Another potentially important difference between the static and the dynamic psychophysical paradigms is the availability of cues. Monaural discrimination of in-phase vs. out-of-phase modulation across frequency suggests that the static task can be performed by across-channel differences that do not rely on specifically binaural cues. For example, results are consistent with the possibility that listeners are performing an across-frequency envelope comparison (Strickland et al. 1989) in both the monaural and binaural versions of the static task. In contrast, the dynamic task cannot be performed reliably with monaural cues alone, supporting the conclusion that this task is more likely performed based on uniquely binaural cues underlying localization.

Summary

The present results show an ability to utilize interaural envelope phase timing information delivered with mismatched carrier frequencies bilaterally both in an animal neural model and in human listeners.
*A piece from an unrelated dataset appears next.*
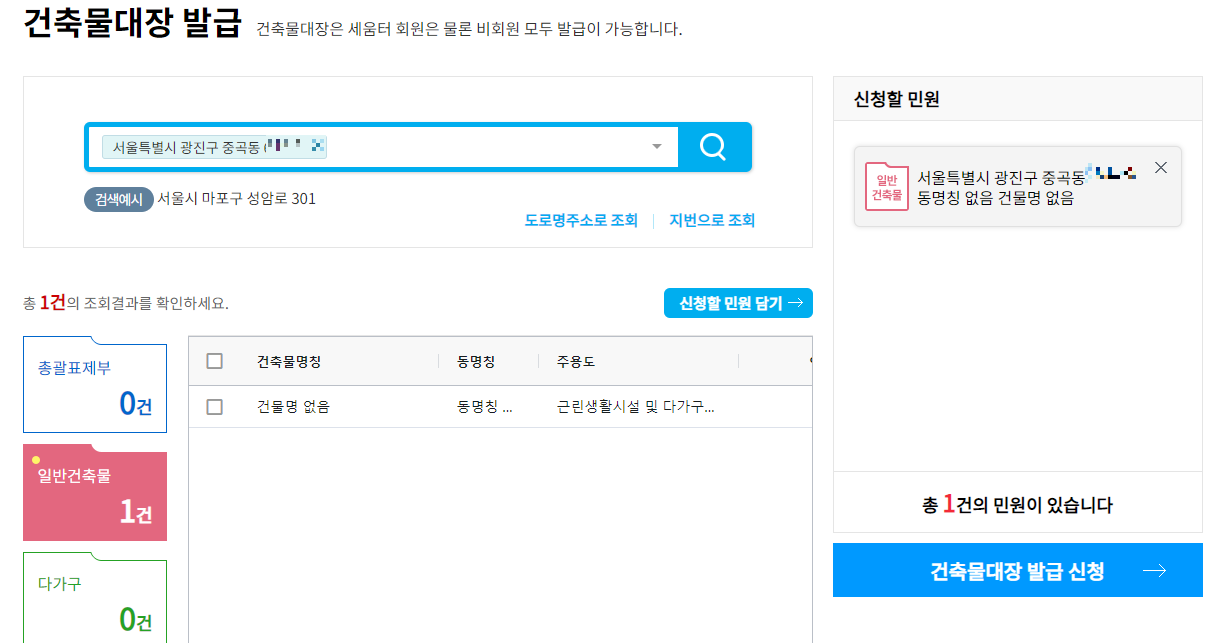 - 건축물소재지, 대장구분 등 입력 후 민원신청하기

Because of the limited spatial resolution achieved with current cochlear implant technology, inputs to binaural neurons from mismatched electrode contacts are likely to produce significant interactions even with wide separations because of the spread of current. The physiological data also suggest that control of intensity to avoid saturation effects associated with synchronization to the envelope is an important consideration for bilateral implant stimulation.